The leader of Italy’s ruling League party, Deputy Prime Minister Matteo Salvini, said yesterday that the governing coalition had broken down and that the only way forward was to hold new elections.
The shock announcement follows months of bickering between the right-wing League and its coalition partner, the anti-establishment 5-Star Movement (M5S), and it throws the eurozone’s third-largest economy into an uncertain political future.
Salvini said in a statement that he had told Prime Minister Giuseppe Conte that the alliance with M5S had collapsed after little more than a year in power and “we should quickly give the choice back to the voters”.
Parliament, which is now in its summer recess, could reconvene next week to carry out the necessary steps, Salvini said, referring to the need for a no-confidence vote in the government and the resignation of the premier.
Tensions came to a head on Wednesday when the two parties voted against each other in parliament over the future of a project for a high-speed train link with France.
M5S has more parliamentary seats than the League, but Salvini’s party now has twice as much voter support, according to opinion polls, and it has often threatened to try to capitalise on that popularity with new elections.
However, it remains to be seen if things will go as Salvini plans.
Pushing the nation back into election mode in August, when Italians are on holiday and parliament is closed for the summer recess, would be unusual and potentially risky.
President Sergio Mattarella is the only person with the power to dissolve parliament, and may be unwilling to do so ahead of preparatory work in September for the 2020 budget, which must then be presented to parliament the following month.
Italy has not held an election in the autumn in all the post-war period.
Yesterday Prime Minister Conte held separate talks with President Mattarella and Salvini.
The opposition has called on the government to resign, arguing that it no longer has a workable majority in parliament after M5S leader and Deputy Prime Minister Luigi Di Maio voted against the Lyon-Turin rail project.
Italian media reported that Salvini, in earlier talks with Conte, set conditions for staying in the coalition – including the resignation of the transport, defence and economy ministers, who have resisted his projects and policies.
A gentler reshuffle was seen as possible, however.
Salvini himself has refrained from publicly attacking Di Maio over his opposition to the rail project, which involves a €8.6bn ($9.8bn) tunnel through the Alps.

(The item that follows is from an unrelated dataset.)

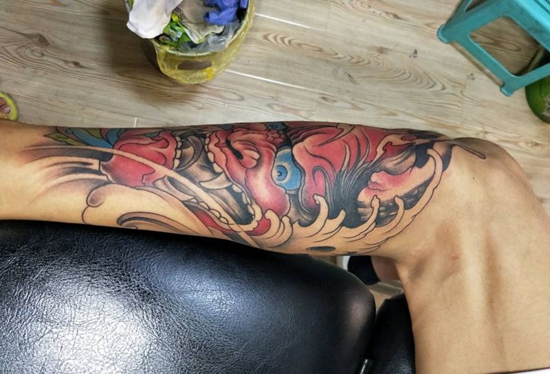 • T网红王老大花腿龙纹身图片_腿部新传统纹身图案

If the government collapses and opposition parties can come up with no workable alternative, a snap election could be called for October to reconstitute parliament.
“The League and M5S have been diverging in their vision for too long, on matters that are fundamental for the country,” the League said yesterday. “This government’s only option is to let Italians have their say” by calling elections.
Opinion polls indicate Salvini’s League party would win the election and could govern in alliance with another, smaller far-right party, Fratelli d’Italia.
President Mattarella has insisted that there must be a government in place to finalise the budget, a first draft of which has be submitted to EU authorities by the end of September.
To that end, the president could name a government of technocrats and push the elections back to February or March next year.
The government is struggling to rein in its public deficit and its mammoth debt mountain of more than €2.3tn.
Wolfango Piccoli of political risk consultancy Teneo said the League’s declarations should not be taken at face value.
“Salvini’s well-orchestrated ‘summer crisis’ is unlikely to lead to snap polls before year-end,” he said, attaching a 30% chance to this possibility.
“The most likely outcome is a cabinet reshuffle that will sanction the replacement of some M5S ministers with figures either from the Lega (League) or trusted by the party leadership,” Piccoli said.